> _AVAILABLE DATA_
++++++++++

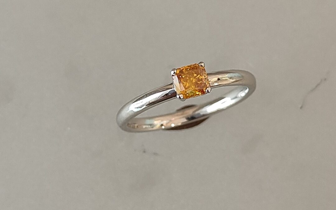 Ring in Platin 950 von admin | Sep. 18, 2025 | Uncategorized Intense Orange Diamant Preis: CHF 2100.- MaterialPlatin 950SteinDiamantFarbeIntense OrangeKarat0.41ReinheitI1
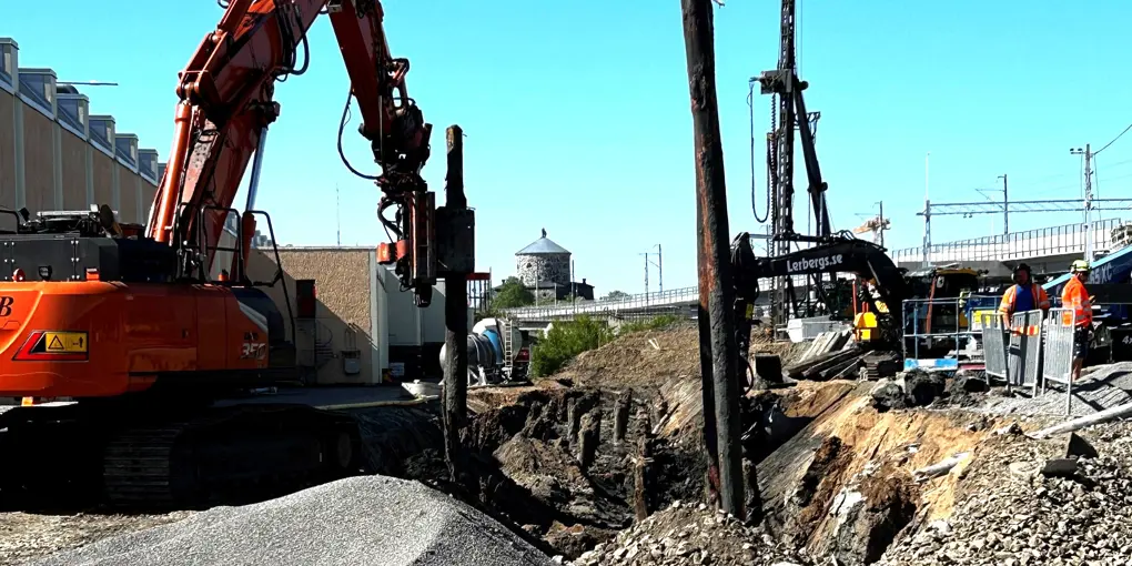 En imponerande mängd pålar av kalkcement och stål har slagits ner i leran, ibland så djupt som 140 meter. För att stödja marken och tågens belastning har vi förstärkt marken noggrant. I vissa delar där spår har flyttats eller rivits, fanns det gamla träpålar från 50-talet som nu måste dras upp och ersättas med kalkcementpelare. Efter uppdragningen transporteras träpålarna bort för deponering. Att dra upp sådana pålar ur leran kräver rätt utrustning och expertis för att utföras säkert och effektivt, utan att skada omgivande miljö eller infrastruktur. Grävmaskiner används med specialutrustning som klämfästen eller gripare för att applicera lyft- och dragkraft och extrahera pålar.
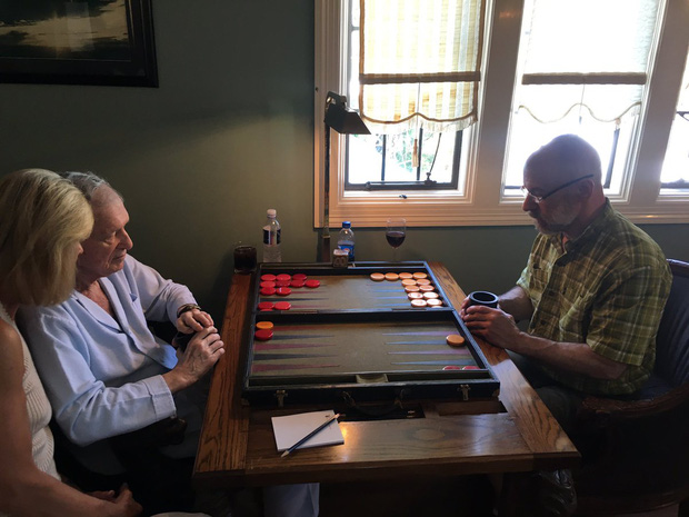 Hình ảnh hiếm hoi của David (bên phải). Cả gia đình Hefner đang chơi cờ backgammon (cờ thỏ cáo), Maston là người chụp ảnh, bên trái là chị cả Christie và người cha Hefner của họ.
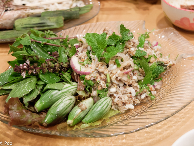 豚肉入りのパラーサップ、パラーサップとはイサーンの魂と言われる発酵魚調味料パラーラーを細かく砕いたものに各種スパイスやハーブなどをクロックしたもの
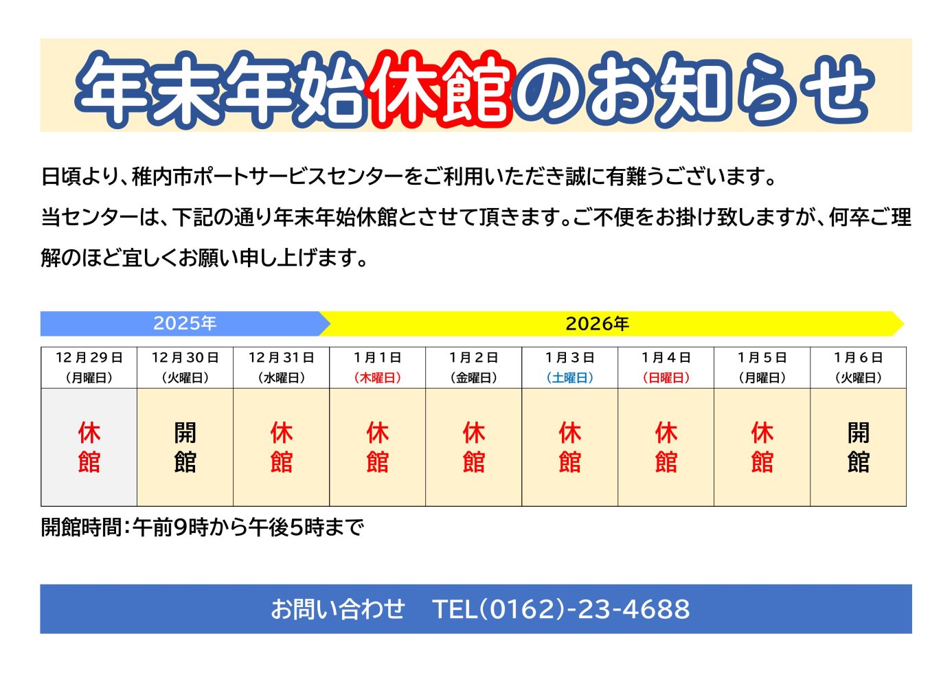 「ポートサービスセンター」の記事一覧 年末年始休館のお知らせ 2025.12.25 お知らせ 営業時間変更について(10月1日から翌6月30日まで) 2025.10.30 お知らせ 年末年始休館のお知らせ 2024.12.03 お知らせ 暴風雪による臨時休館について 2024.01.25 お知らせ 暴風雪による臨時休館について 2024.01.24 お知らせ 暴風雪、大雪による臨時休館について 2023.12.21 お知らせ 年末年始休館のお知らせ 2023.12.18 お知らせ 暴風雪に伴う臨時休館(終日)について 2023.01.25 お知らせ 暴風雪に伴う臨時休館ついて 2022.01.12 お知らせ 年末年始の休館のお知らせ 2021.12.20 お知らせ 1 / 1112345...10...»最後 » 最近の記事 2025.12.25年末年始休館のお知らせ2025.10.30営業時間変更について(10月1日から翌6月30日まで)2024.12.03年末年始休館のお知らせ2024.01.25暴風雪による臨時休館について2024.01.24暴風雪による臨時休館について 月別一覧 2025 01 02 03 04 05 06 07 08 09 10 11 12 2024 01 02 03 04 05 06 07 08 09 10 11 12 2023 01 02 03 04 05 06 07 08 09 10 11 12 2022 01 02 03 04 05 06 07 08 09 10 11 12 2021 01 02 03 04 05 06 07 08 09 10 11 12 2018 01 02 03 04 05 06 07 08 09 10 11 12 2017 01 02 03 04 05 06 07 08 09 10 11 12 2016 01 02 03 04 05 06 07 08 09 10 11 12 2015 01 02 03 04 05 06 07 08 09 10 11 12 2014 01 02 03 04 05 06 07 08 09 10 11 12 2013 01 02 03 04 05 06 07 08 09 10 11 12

++++++++++

> _TASK DIRECTIONS_
Only the entries themselves should be output, word for word, with all pictures omitted.

> _RESPONSE TO THIS EXERCISE_
 Ring in Platin 950 von admin | Sep. 18, 2025 | Uncategorized Intense Orange Diamant Preis: CHF 2100.- MaterialPlatin 950SteinDiamantFarbeIntense OrangeKarat0.41ReinheitI1
 En imponerande mängd pålar av kalkcement och stål har slagits ner i leran, ibland så djupt som 140 meter. För att stödja marken och tågens belastning har vi förstärkt marken noggrant. I vissa delar där spår har flyttats eller rivits, fanns det gamla träpålar från 50-talet som nu måste dras upp och ersättas med kalkcementpelare. Efter uppdragningen transporteras träpålarna bort för deponering. Att dra upp sådana pålar ur leran kräver rätt utrustning och expertis för att utföras säkert och effektivt, utan att skada omgivande miljö eller infrastruktur. Grävmaskiner används med specialutrustning som klämfästen eller gripare för att applicera lyft- och dragkraft och extrahera pålar.
 Hình ảnh hiếm hoi của David (bên phải). Cả gia đình Hefner đang chơi cờ backgammon (cờ thỏ cáo), Maston là người chụp ảnh, bên trái là chị cả Christie và người cha Hefner của họ.
 豚肉入りのパラーサップ、パラーサップとはイサーンの魂と言われる発酵魚調味料パラーラーを細かく砕いたものに各種スパイスやハーブなどをクロックしたもの
 「ポートサービスセンター」の記事一覧 年末年始休館のお知らせ 2025.12.25 お知らせ 営業時間変更について(10月1日から翌6月30日まで) 2025.10.30 お知らせ 年末年始休館のお知らせ 2024.12.03 お知らせ 暴風雪による臨時休館について 2024.01.25 お知らせ 暴風雪による臨時休館について 2024.01.24 お知らせ 暴風雪、大雪による臨時休館について 2023.12.21 お知らせ 年末年始休館のお知らせ 2023.12.18 お知らせ 暴風雪に伴う臨時休館(終日)について 2023.01.25 お知らせ 暴風雪に伴う臨時休館ついて 2022.01.12 お知らせ 年末年始の休館のお知らせ 2021.12.20 お知らせ 1 / 1112345...10...»最後 » 最近の記事 2025.12.25年末年始休館のお知らせ2025.10.30営業時間変更について(10月1日から翌6月30日まで)2024.12.03年末年始休館のお知らせ2024.01.25暴風雪による臨時休館について2024.01.24暴風雪による臨時休館について 月別一覧 2025 01 02 03 04 05 06 07 08 09 10 11 12 2024 01 02 03 04 05 06 07 08 09 10 11 12 2023 01 02 03 04 05 06 07 08 09 10 11 12 2022 01 02 03 04 05 06 07 08 09 10 11 12 2021 01 02 03 04 05 06 07 08 09 10 11 12 2018 01 02 03 04 05 06 07 08 09 10 11 12 2017 01 02 03 04 05 06 07 08 09 10 11 12 2016 01 02 03 04 05 06 07 08 09 10 11 12 2015 01 02 03 04 05 06 07 08 09 10 11 12 2014 01 02 03 04 05 06 07 08 09 10 11 12 2013 01 02 03 04 05 06 07 08 09 10 11 12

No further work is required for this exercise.